* SOURCE MATERIAL *
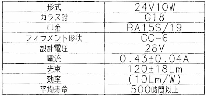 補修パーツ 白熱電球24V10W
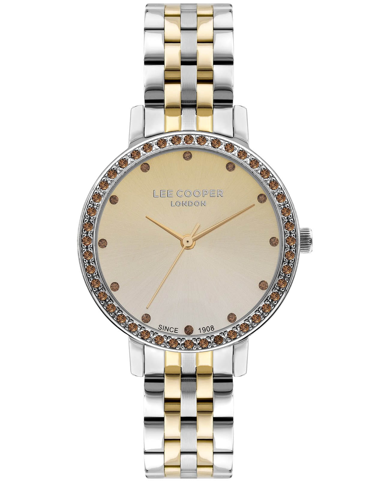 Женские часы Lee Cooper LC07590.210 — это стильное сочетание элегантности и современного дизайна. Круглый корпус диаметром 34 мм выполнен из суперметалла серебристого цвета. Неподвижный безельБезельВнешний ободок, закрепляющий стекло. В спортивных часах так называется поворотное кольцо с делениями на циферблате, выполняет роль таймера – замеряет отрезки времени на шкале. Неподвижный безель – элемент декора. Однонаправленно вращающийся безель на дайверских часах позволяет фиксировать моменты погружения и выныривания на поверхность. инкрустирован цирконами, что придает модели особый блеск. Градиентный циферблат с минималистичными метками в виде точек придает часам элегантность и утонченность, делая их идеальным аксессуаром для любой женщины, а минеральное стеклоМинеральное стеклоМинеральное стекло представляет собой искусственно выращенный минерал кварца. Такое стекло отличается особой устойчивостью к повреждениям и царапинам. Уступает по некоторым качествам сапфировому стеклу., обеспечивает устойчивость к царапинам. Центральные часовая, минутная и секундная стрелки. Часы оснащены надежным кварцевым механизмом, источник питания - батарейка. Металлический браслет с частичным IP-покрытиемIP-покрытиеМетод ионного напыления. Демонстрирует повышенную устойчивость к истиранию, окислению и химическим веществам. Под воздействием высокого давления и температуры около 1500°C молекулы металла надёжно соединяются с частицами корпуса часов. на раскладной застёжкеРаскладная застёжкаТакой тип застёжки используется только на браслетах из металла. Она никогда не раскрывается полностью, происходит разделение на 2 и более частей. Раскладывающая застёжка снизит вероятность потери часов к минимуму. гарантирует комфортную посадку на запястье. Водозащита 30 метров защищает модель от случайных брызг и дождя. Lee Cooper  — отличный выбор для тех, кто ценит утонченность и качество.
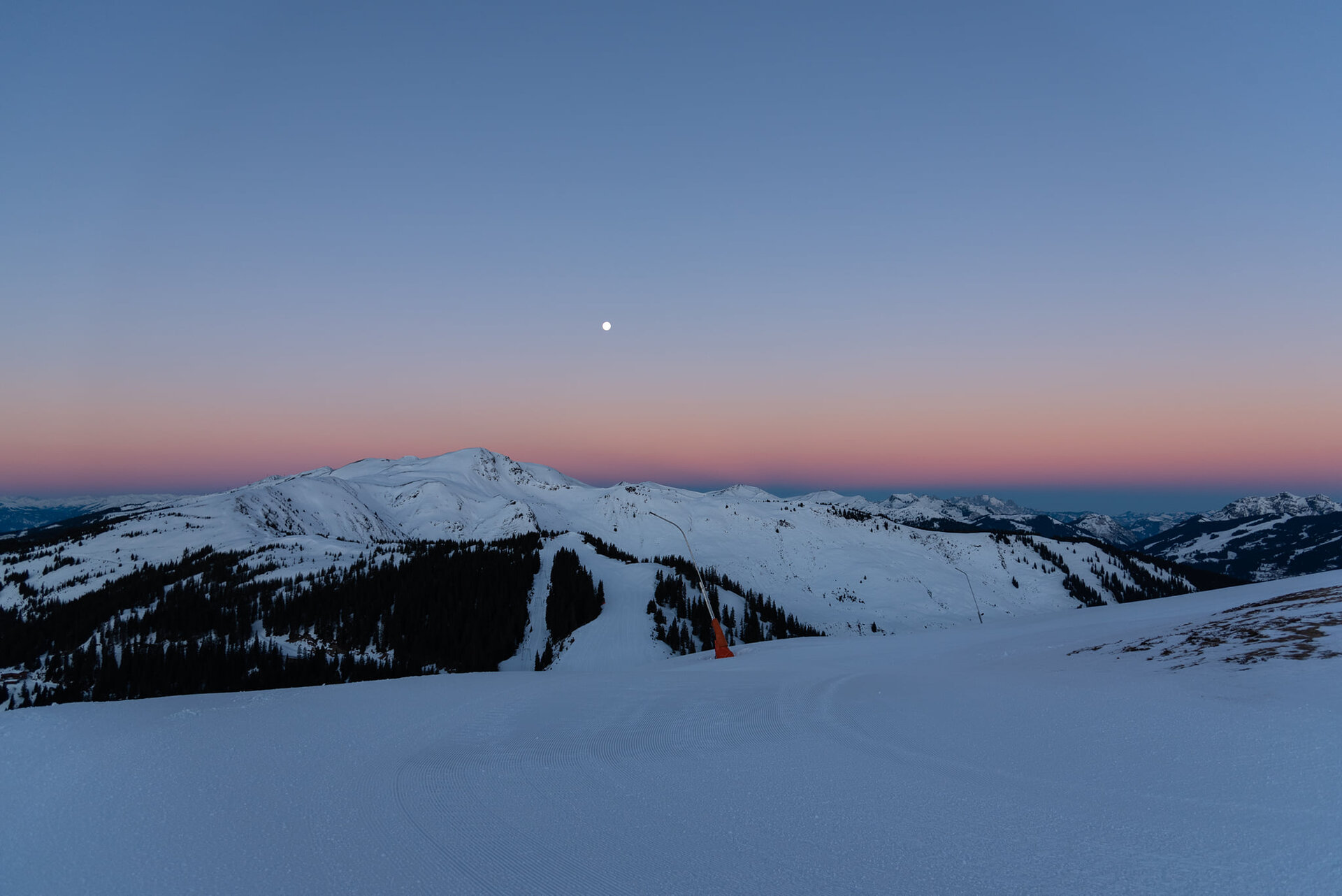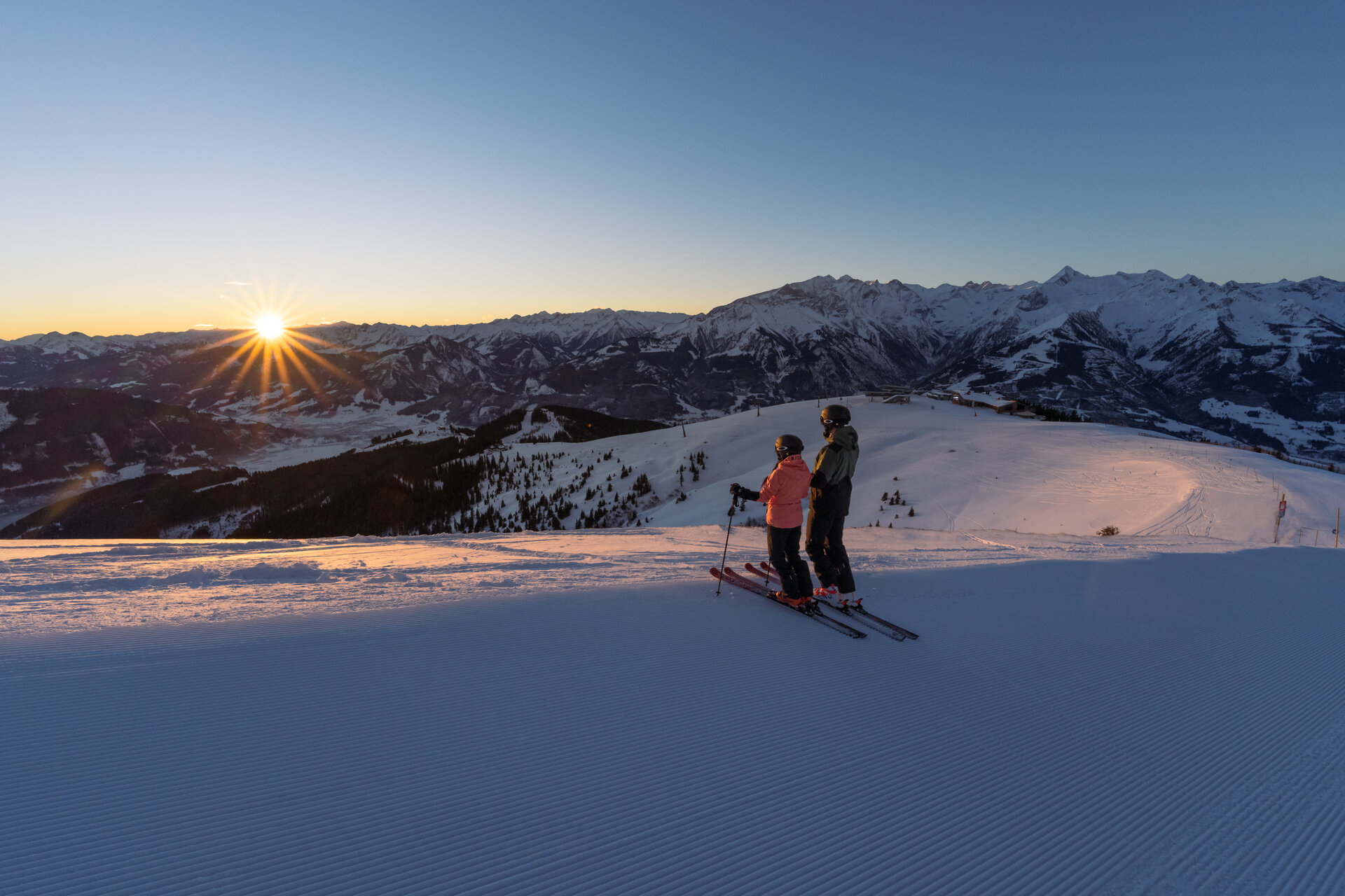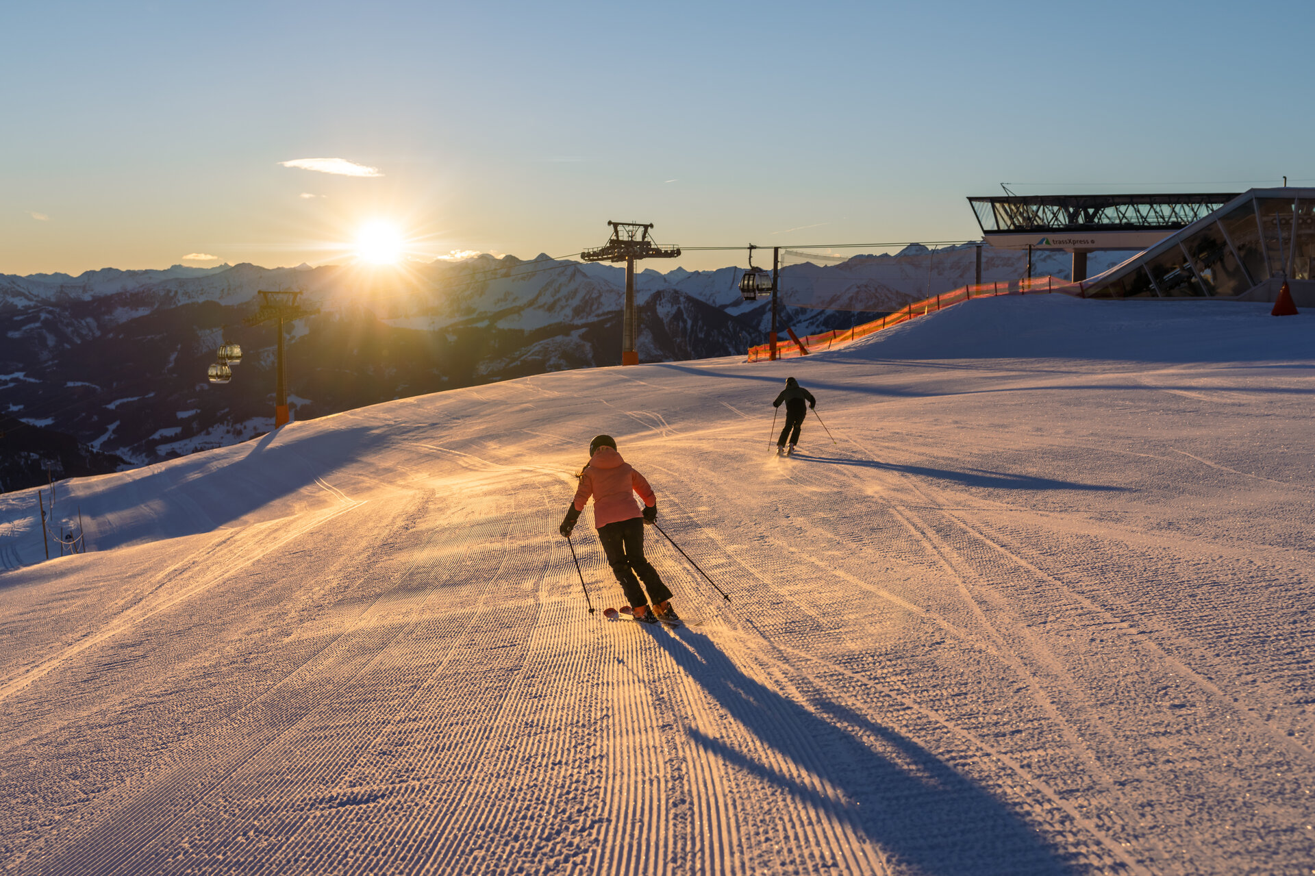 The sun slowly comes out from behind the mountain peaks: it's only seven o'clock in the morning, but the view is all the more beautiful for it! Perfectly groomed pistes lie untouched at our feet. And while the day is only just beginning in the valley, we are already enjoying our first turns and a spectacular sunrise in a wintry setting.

* EXERCISE BRIEF *
The listing above must be printed again exactly, minus its pictures.

* RESPONSE *
 補修パーツ 白熱電球24V10W
 Женские часы Lee Cooper LC07590.210 — это стильное сочетание элегантности и современного дизайна. Круглый корпус диаметром 34 мм выполнен из суперметалла серебристого цвета. Неподвижный безельБезельВнешний ободок, закрепляющий стекло. В спортивных часах так называется поворотное кольцо с делениями на циферблате, выполняет роль таймера – замеряет отрезки времени на шкале. Неподвижный безель – элемент декора. Однонаправленно вращающийся безель на дайверских часах позволяет фиксировать моменты погружения и выныривания на поверхность. инкрустирован цирконами, что придает модели особый блеск. Градиентный циферблат с минималистичными метками в виде точек придает часам элегантность и утонченность, делая их идеальным аксессуаром для любой женщины, а минеральное стеклоМинеральное стеклоМинеральное стекло представляет собой искусственно выращенный минерал кварца. Такое стекло отличается особой устойчивостью к повреждениям и царапинам. Уступает по некоторым качествам сапфировому стеклу., обеспечивает устойчивость к царапинам. Центральные часовая, минутная и секундная стрелки. Часы оснащены надежным кварцевым механизмом, источник питания - батарейка. Металлический браслет с частичным IP-покрытиемIP-покрытиеМетод ионного напыления. Демонстрирует повышенную устойчивость к истиранию, окислению и химическим веществам. Под воздействием высокого давления и температуры около 1500°C молекулы металла надёжно соединяются с частицами корпуса часов. на раскладной застёжкеРаскладная застёжкаТакой тип застёжки используется только на браслетах из металла. Она никогда не раскрывается полностью, происходит разделение на 2 и более частей. Раскладывающая застёжка снизит вероятность потери часов к минимуму. гарантирует комфортную посадку на запястье. Водозащита 30 метров защищает модель от случайных брызг и дождя. Lee Cooper  — отличный выбор для тех, кто ценит утонченность и качество.
 The sun slowly comes out from behind the mountain peaks: it's only seven o'clock in the morning, but the view is all the more beautiful for it! Perfectly groomed pistes lie untouched at our feet. And while the day is only just beginning in the valley, we are already enjoying our first turns and a spectacular sunrise in a wintry setting.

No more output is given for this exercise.